Op 25 augustus 1888 was de omgeving van het Sint-Jozefshuis in Gent versierd met wimpels, kransen en opschriften.
De nederige hospitaalzuster Bonaventura, liefkozend ook “Bonneke” genoemd, vierde haar honderdste verjaardag. Ze ontving hierbij felicitaties, gedichten en bloemen uit de verschillende huizen van de Zusters van Liefde.
Bisschop Lambrechts had haar tijdens een bijzondere dankmis in de kapel van Terhaegen de communie uitgereikt. De geestelijke vader van de congregatie kanunnik Janssens en een resem belangrijke personen waaronder graaf Ernest de Kerchove de Denterghem, voorzitter van de Commissie van de Burgerlijke Godshuizen, diverse kanunniken, senatoren en hoofdgeneesheer Vermeulen waren aanwezig.
Voor de gelegenheid hadden de medezusters ook een “schoon namaaksel” van haar portret van de hand van schilder Jozef Janssens laten maken. Prentjes met de afbeelding en een rijmpje van Alfons Janssens werden uitgedeeld aan alle genodigden.
Met een bewonderingswaardige nederigheid ontving zij ook uit handen van de arrondissementscommissaris de ‘Burgerlijke Onderscheiding Eerste klasse’ haar bij Koninklijk besluit toegekend voor haar jarenlange diensten aan de maatschappij.
Wie was zij ?
Juffrouw Justina Cornelia De Clercq werd geboren te Menen op 23 augustus 1788.

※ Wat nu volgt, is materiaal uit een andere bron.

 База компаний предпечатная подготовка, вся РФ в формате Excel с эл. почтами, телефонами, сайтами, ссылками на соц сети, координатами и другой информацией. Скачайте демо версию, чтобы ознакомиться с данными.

Aan moederskant had zij een beroemde voorvader, namelijk Pierre Jacques Osten (1758-1814). Hij was een echte vechtersbaas, streed mee in de Brabantse omwenteling en werd later zelfs generaal in het leger van Napoleon.

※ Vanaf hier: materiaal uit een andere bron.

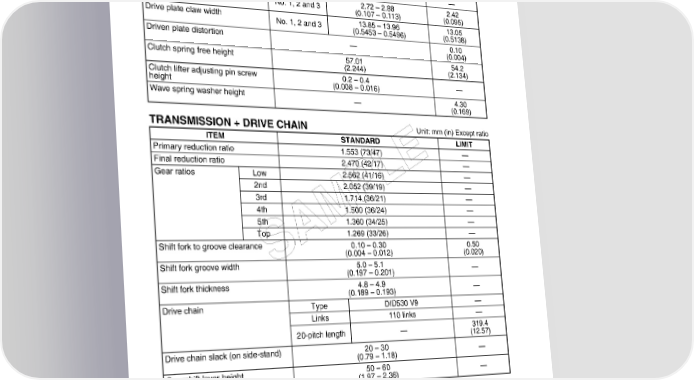 10-52 SERVICING INFORMATION CLUTCH Unit: mm (in) ITEM STANDARD LIMIT Clutch lever play 10 – 15 — (0.4 – 0.6) Clutch release screw 1/2 turn back — Drive plate thickness No. 1, 2 and 3 2.72 – 2.88 2.42 (0.107 – 0.113) (0.095) Drive plate claw width No. 1, 2 and 3 13.85 – 13.96 13.05 (0.5453 – 0.5496) (0.5138) Driven plate distortion — 0.10 (0.004) Clutch spring free height 57.01 54.2 (2.244) (2.134) Clutch lifter adjusting pin screw 0.2 – 0.4 — height (0.008 – 0.016) Wave spring washer height — 4.30 (0.169) TRANSMISSION + DRIVE CHAIN Unit: mm (in) Except ratio ITEM STANDARD LIMIT Primary reduction ratio 1.553 (73/47) — Final reduction ratio 2.470 (42/17) E — Gear ratios Low 2.562 (41/16) — L 2nd 2.052 (39/19) — 3rd 1.714 (36/21) — P 4th 1.500 (36/24) — 5th 1.360 (34/25) — M Top A 1.269 (33/26) — Shift fork to groove clearance 0.10 – 0.30 0.50 S (0.004 – 0.012) (0.020) Shift fork groove width 5.0 – 5.1 — (0.197 – 0.201) Shift fork thickness 4.8 – 4.9 — (0.189 – 0.193) Drive chain Type DID530 V9 — Links 110 links — 20-pitch length — 319.4 (12.57) Drive chain slack (on side-stand) 20 – 30 — (0.79 – 1.18) Gearshift lever height 50 – 60 — (1.97 – 2.36)

Maar onze Justina Cornelia was een stuk vredelievender.
Op 11 maart 1811 trad zij als novice in bij de Zusters van Liefde van Jezus en Maria in het klooster Terhaegen in de Molenaarstraat in Gent. De congregatie werd op dat moment nog bestuurd door haar stichter erekanunnik Petrus Jozef Triest.
Op 25 juni 1812 sprak zij haar heilige geloften uit en kreeg de kloosternaam Bonaventura. Ze verhuisde naar het landelijke Lovendegem waar de congregatie gesticht werd en deed daar dienst als keukenzuster.
In 1818 werd zij vervolgens naar het ‘Zothuis’ in Gent gestuurd waar zij maar liefst zeventig jaar met veel toewijding en trouw dienst deed.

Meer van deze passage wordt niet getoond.